白井恭弘 『外国語学習の科学』

 日頃,スペインのカレンダーを使っているのでニッポンの祝日がいつだったか不明になりつつあります。いずれにせよ授業に出る日はなかったので,授業準備をしてました。あと,花粉症でぼ〜っとしたり,HDDレコーダーの空き容量を増やしたり。
 こんな日ならばかえってオイル交換に来る客は少ないのではなかろうかと自動車のメンテナンスに出かけました(結果:40分待ち)。待ち時間に読んでいたのは白井恭弘(しらい・やすひろ)『外国語学習の科学――第二言語習得論とは何か』(ISBN:4004311500)。限りなく仕事の資料読み込みに近い何か。

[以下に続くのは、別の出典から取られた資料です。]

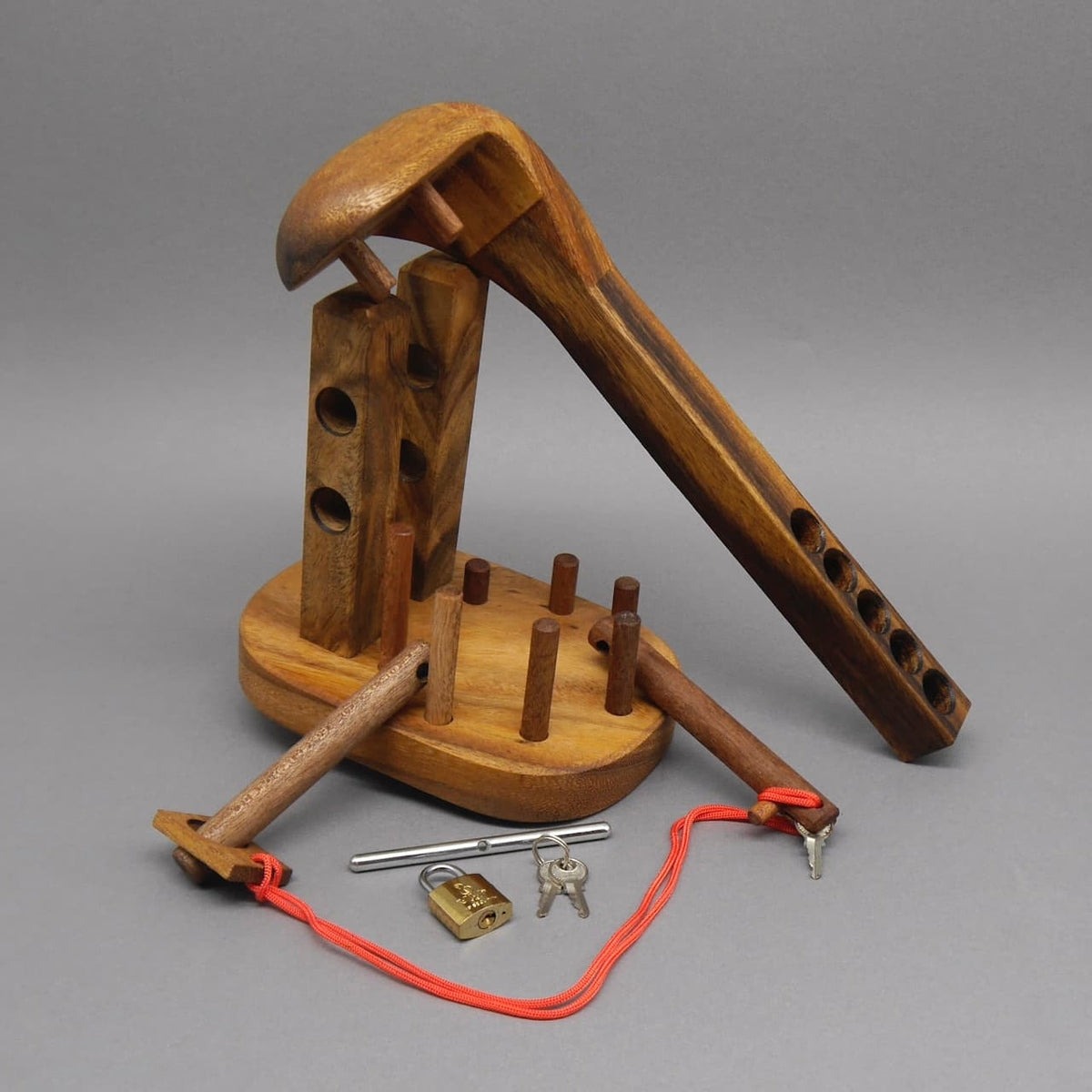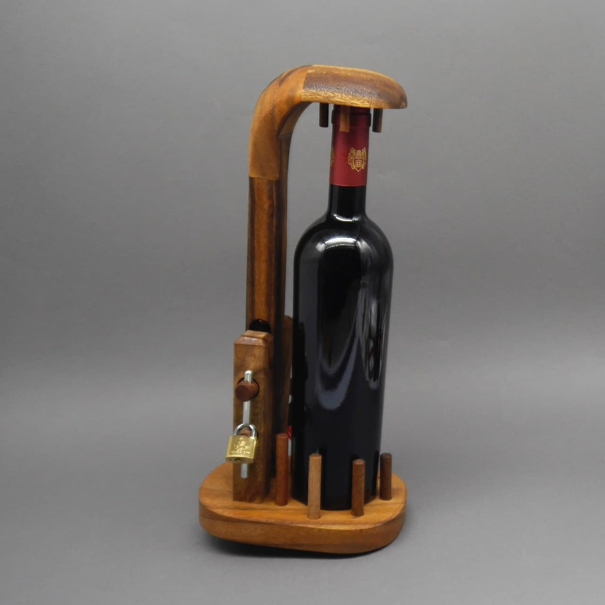 Der Flaschentresor BOTTLE IN JAIL von ROMBOL Denkspiele ist eine originelle und knifflige Geschenkidee für Weinliebhaber, Rätselfans und alle, die gerne kreativ verschenken. Dieses „Gefängnis“ für Wein oder Flaschen anderen Inhaltes ist schon gemein – und genau das macht den Reiz aus! Ein massives Schloss verschließt mit einem stabilen Stahlstift zwei passgenaue Holzbolzen. Der Clou: Den Schlüssel für das Schloss findet man nicht einfach so. Er steckt auf der anderen Seite, fest eingeklemmt in einem der Holzbolzen und zusätzlich mit einem Seil gesichert. Der Beschenkte muss also durch geschickte Denkarbeit und ein wenig Geduld den Schlüssel befreien, um das Schloss zu öffnen. Erst wenn der Stahlstift entfernt ist, lassen sich die Bolzen herausziehen – und die Flasche wird „befreit“.
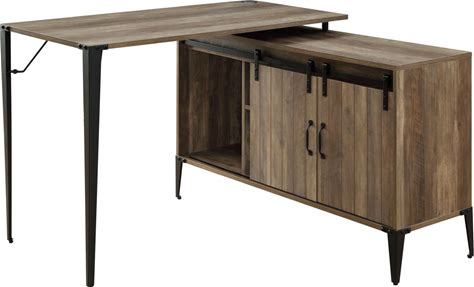 Kelli Oak L-Shape Desk | Industrial Desks MDF/Metal/Veneers By Bob's Discount Furniture
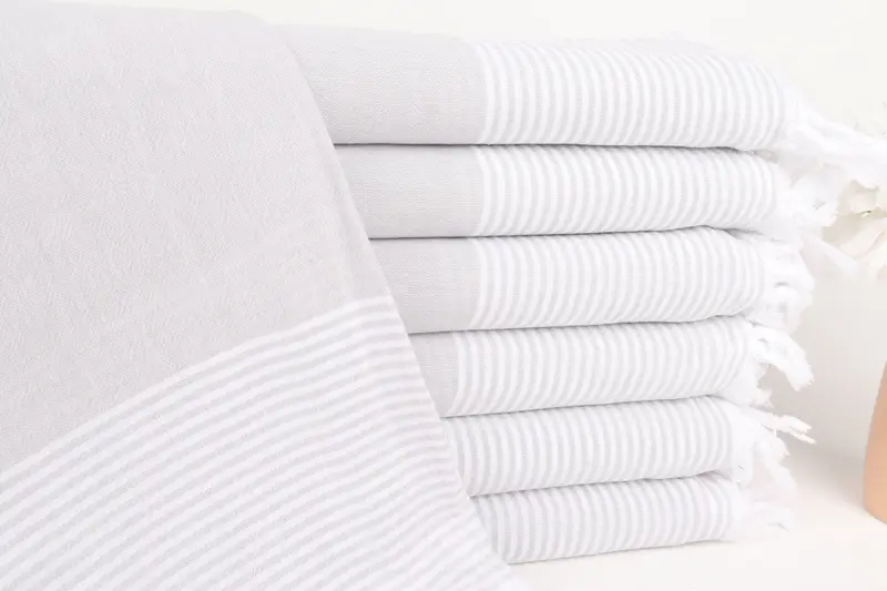 Turkish Towel Beach Gray Striped Monogram 40x71 Inches
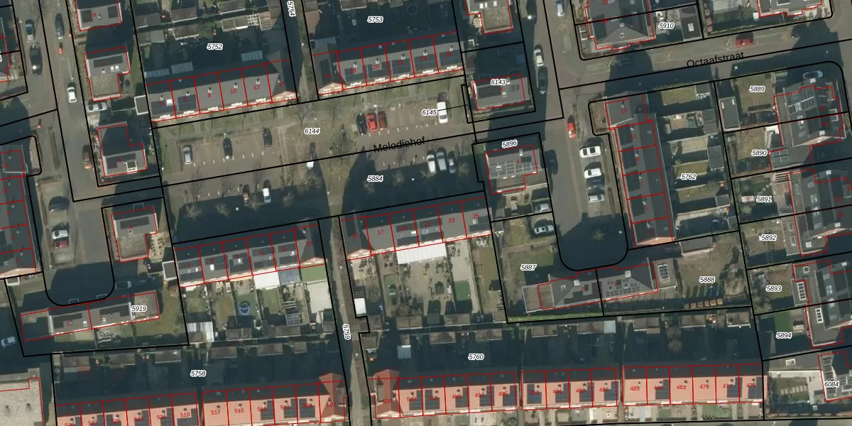 Het perceel waarop Melodiehof 21 staat heeft een oppervlakte van 3360 m². Dit is een zeer groot perceel. De perceeloppervlakte wordt geregistreerd door het Kadaster. Gedetailleerde informatie over de maten van dit perceel kunt u vinden in het rapport Kadastrale kaart met maatvoering van Melodiehof 21.

 一言で表して,大変に誠実な書物でした。著者は,ピッツバーグ大学にて応用言語学を講じている人物。「人は母語の習得には成功するのに,どうして第二言語習得(Second Language Acquisition)では失敗するのか?」というのが主たる内容。言語教育学が今現在何に関心を向けているかを解き明かしているが,読んでみて分かったことは言語学の最前線にだって第二言語の効率的な教え方が分かっていない,ということ。分かっていないことを吐露する著者の姿勢は好ましい。
 まとめに代えて様々な教育ストラテジーが紹介されていますが,教授法ないし学習法としては有用な手法を示すわけではない。「これらを組み合わせてやれば何とかなるよ」とまでは示してくれるものの,「絶対大丈夫だよはにゃ〜ん)」がありません。
 それこそが本書は信頼するに足りると評価する事情ですが,取りあえず明日の授業をどう組み立てましょうか……。